Biography


















Contact
info@sophiehunterstudio.com


Image by Joseph Lynn
Sophie Hunter is an award-winning British artist and director whose work spans performance, theatre, opera, film and installation. Recent projects include Salt of The Earth, an environmentally-charged live performance and multimedia installation which premiered in Venice and has toured to Climate Week in New York and the United Nations Conference in Nice this year. Also the short film, Ylur, for Sigur Ròs’ album, Átta and a double bill of Kurt Weill’s Seven Deadly Sins and Bartok’s Bluebeard’s Castle for Teatro Colon in Buenos Aires.

Other directing credits include: Benjamin Britten’s Phaedra for the Happy Days Festival in Enniskillen, where Hunter staged the cantata as an immersive multimedia experience in an Olympic sized equestrian arena. For Aldeburgh, Sophie co-created a production of Benjamin Britten’s The Turn of the Screw.  In New York, Sophie directed 69 Degrees South for Phantom Limb Company, in collaboration with the Kronos Quartet at The Brooklyn Academy of Music as part of the Next Wave Festival. Other directing and devising credits include: The Terrific Electric (Barbican) for which she and her company were awarded the Oxford Samuel Beckett Award for new voices in experimental theatre; Lucretia (Location One Gallery, New York), a multimedia installation with performance inspired by Benjamin Britten’s Rape of Lucretia; Ghosts, (Access Theatre, New York), Tesla in New York (workshop stage) with film-maker Jim Jarmusch and composer Phil Kline which previewed at the Hopkins Centre. Hunter was also Associate Director on award-winning production Enron (Royal Court, West End, Broadway). In 2011 she was awarded the Location One British Artist Fellowship. In 2013 she was invited, with Phantom Limb, as an artist to the Rauschenberg Residency.

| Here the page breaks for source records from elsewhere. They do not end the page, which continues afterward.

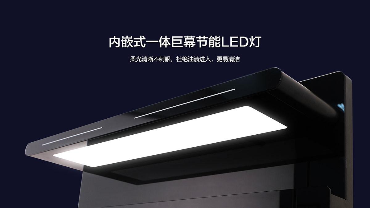 - 內嵌式一體巨幕節能LED燈,杜絕油污進入
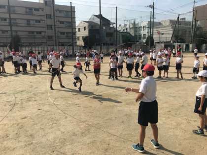 練習を重ねたり、高学年が縄に入るタイミングをやさしく教えてあげたりすることで、練習の時よりも、たくさん跳ぶことができた子どもがたくさんいました。
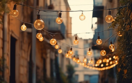 Warm glowing garland lights decorating outdoor seating area in city cafe.
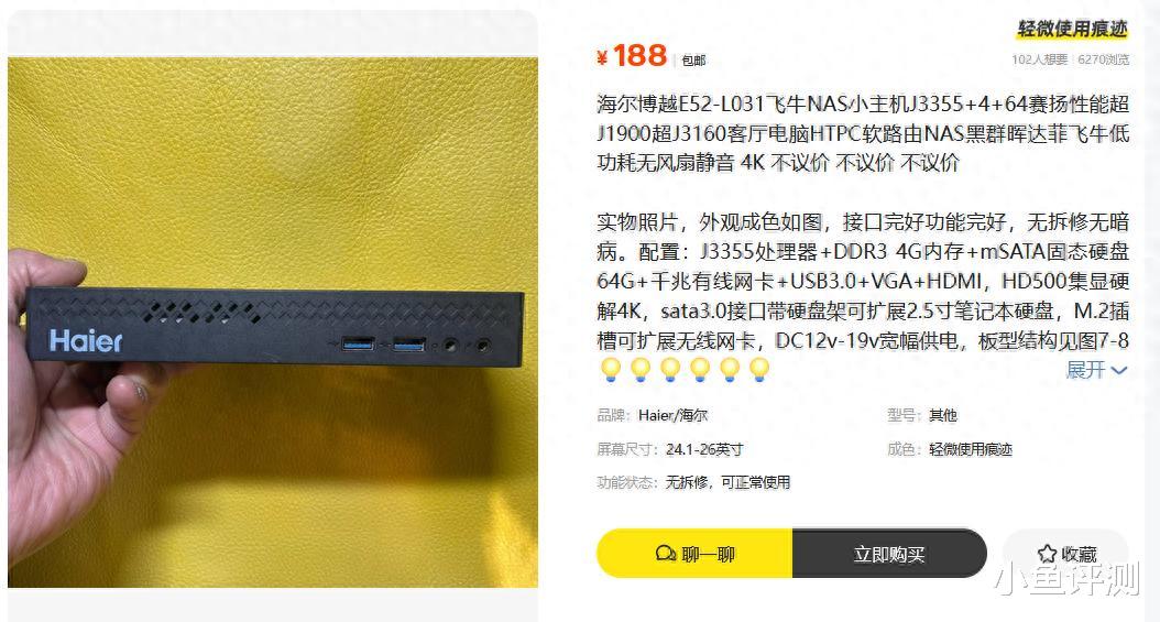 别急,今天就来聊一个海尔博越E52-L031,或者更准确地说,这其实就是一台老咕噜棒子主机。对,就是那台标价188块,配置写着J3355+4G+64G的家伙。这价格,在如今一杯奶茶都动辄二三十的年代,显得格外扎眼。
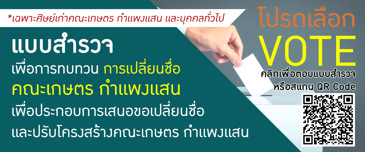พัฒนาระบบโดย : น.ส.ดวงกมล ด้วงจุมพล หน่วยผลิตสื่อและเทคโนโลยีสารสนเทศ คณะเกษตร กำแพงแสน
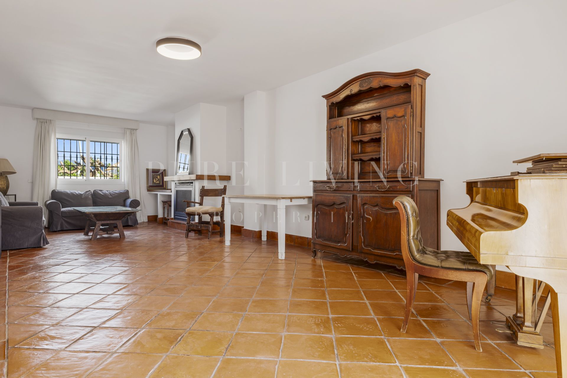 This charming Andalusian-style townhouse combines generous space with character, set in a peaceful and established location within walking distance of local amenities and the centre of San Pedro de Alcántara. Its south-facing orientation ensures natural light throughout the day, while the upper terrace offers pleasant countryside views and a glimpse of the sea.

Hunter recently produced the feature film, The End We Start From, released in 2023 and starring Jodie Comer, with BBC Films and SunnyMarch. In 2021, she co-directed a film adaptation of George Orwell’s 1984 for the New European Ensemble. Other current projects include: a collaboration with architect Santiago Calatrava on a production of Poulenc’s Les Dialogues Des Carmelites. She is creating a limited television series, Goodnight Nobody about the life of children’s author Margaret Wise Brown with Jessica Grindstaff and Angela Bourassa. She is also writing and directing a documentary about Margaret Wise Brown with Jessica Grindstaff and Merino Films.